[[ Provided material open ]]

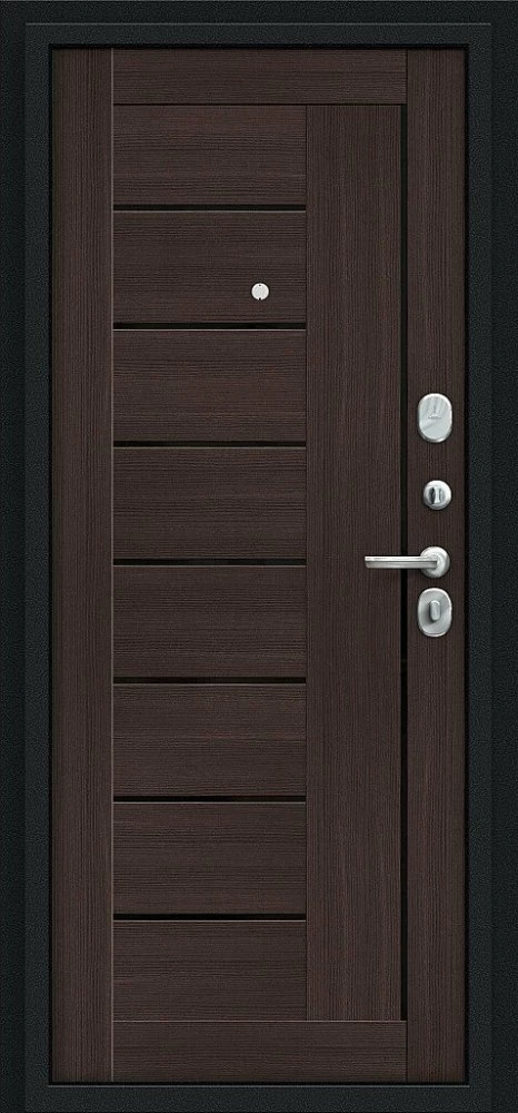 Надежная входная Дверь Браво Проф Букле черное/Wenge Veralinga премиум класса по цене 32 931 руб. Большая толщина стали защитит от проникновения в ваш дом, квартиру или коттедж. Используется очень качественная фурнитура: замки, цилиндры, ручки, защелки. Покрытие и отделка двери изготовлено под внимательным контролем производителя. Дверь имеет долгий срок службы и гарантию.
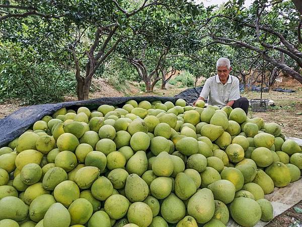 例如,保安宮附近,擁有1000坪柚子園的老農江日權,正趕著採收,綠滋滋的柚子堆成小山。
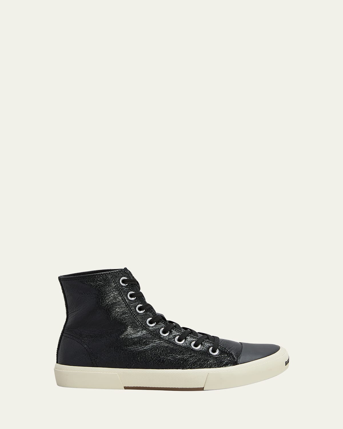Balenciaga "Paris" leather and fabric hightop sneakers Flat heel Round toe Laceup vamp Rubber outsole Made in Italy
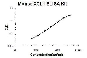 - mouse XCL1 ELISA Kit was based on standard sandwich enzyme-linked immune-sorbent assay technology. A monoclonal antibody from rat specific for XCL1 has been precoated onto 96-well plates. Standards (E. coli, V22-G114) and test samples are added to the wells, a biotinylated detection polyclonal antibody from goat specific for XCL1is added subsequently and then followed by washing with PBS or TBS buffer. Avidin-Biotin-Peroxidase Complex was added and unbound conjugates were washed away with PBS or TBS buffer. HRP substrate TMB was used to visualize HRP enzymatic reaction. TMB was catalyzed by HRP to produce a blue color product that changed into yellow after adding acidic stop solution. The density of yellow is proportional to the mouse XCL1 amount of sample captured in plate.
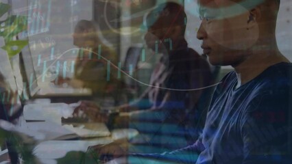 Digital Connection Network Over Man Using Computer In Office Videos
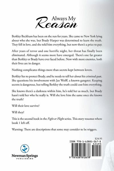 Berkley Beckham has been on the run for years. She came to New York lying about who she was, but Brady Harper was determined to learn the truth. They fell in love, and she told him everything, but now there's a price to pay. After years of terror and one horrific night, her threat has finally been eliminated. Although it seems more have emerged. There's one far greater than Berkley or Brady have ever faced before. Now with more enemies, both their lives are in danger. Nothing complicates things more than secrets kept between lovers. Berkley lies to protect Brady, and he needs to tell her about his criminal past. She questions his involvement with Jax Wolff, a known gangster. Keeping secrets is dangerous, but telling Berkley the truth could cost him everything. She knows there's a darkness within him, he's told her as much, but Brady hasn't told her who he really is. Will she love him the same once she knows the truth? Will their love survive? Will they? This is the second book in the Fight or Flight series. This story resumes where book 1 left off. Warning: There are descriptions that some may consider to be triggers.
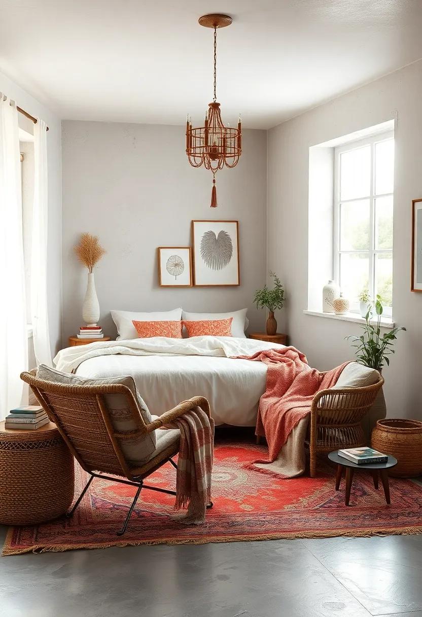 Transform your space into a personal sanctuary by incorporating a comfy chair and a plethora of soft blankets. Choose a chair in a rich, earthy tone or a gentle pastel hue that complements the overall boho aesthetic of your bedroom. A vintage armchair or a rattan lounge chair can add a touch of whimsy and charm. Surround your chair with an assortment of fluffy throw blankets, featuring varying textures, patterns, and colors. Experiment with layering to create a visually enticing and inviting atmosphere, making it irresistible to curl up with your favorite book.
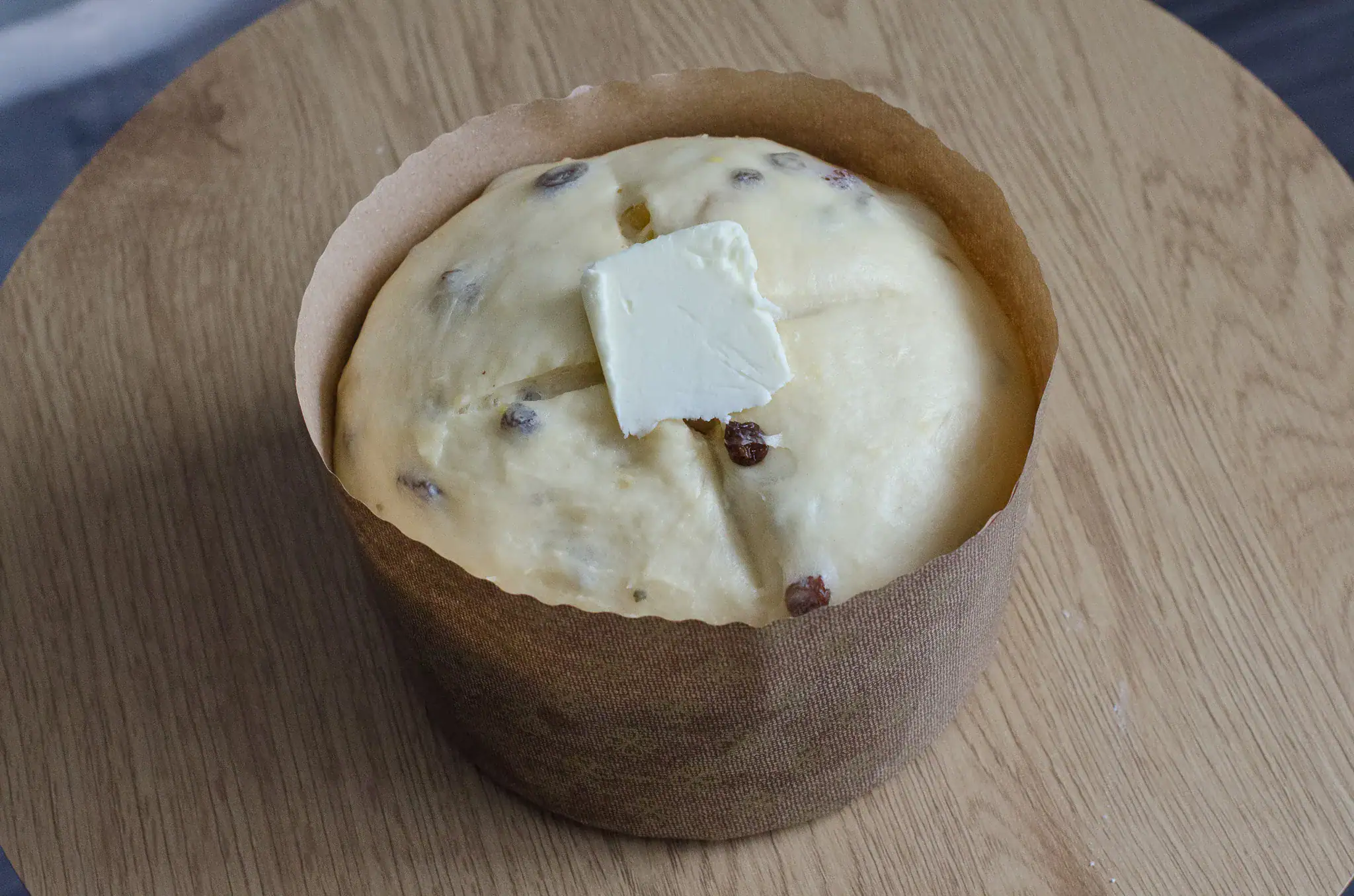 Keď cesto narastie, narežeme jeho povrch do kríža a do stredu položíme kúsok masla. Panettone pečieme pri 170°C približne 50 minút.

[[ Provided material closed ]]

* **Exercise requirements**:
Please print the lines above word for word, starting at the one with "例如,保安宮附近,擁有100" and ending at the one with "Made in Italy", both included, and without any picture.

* **Task output**:
 例如,保安宮附近,擁有1000坪柚子園的老農江日權,正趕著採收,綠滋滋的柚子堆成小山。
Balenciaga "Paris" leather and fabric hightop sneakers Flat heel Round toe Laceup vamp Rubber outsole Made in Italy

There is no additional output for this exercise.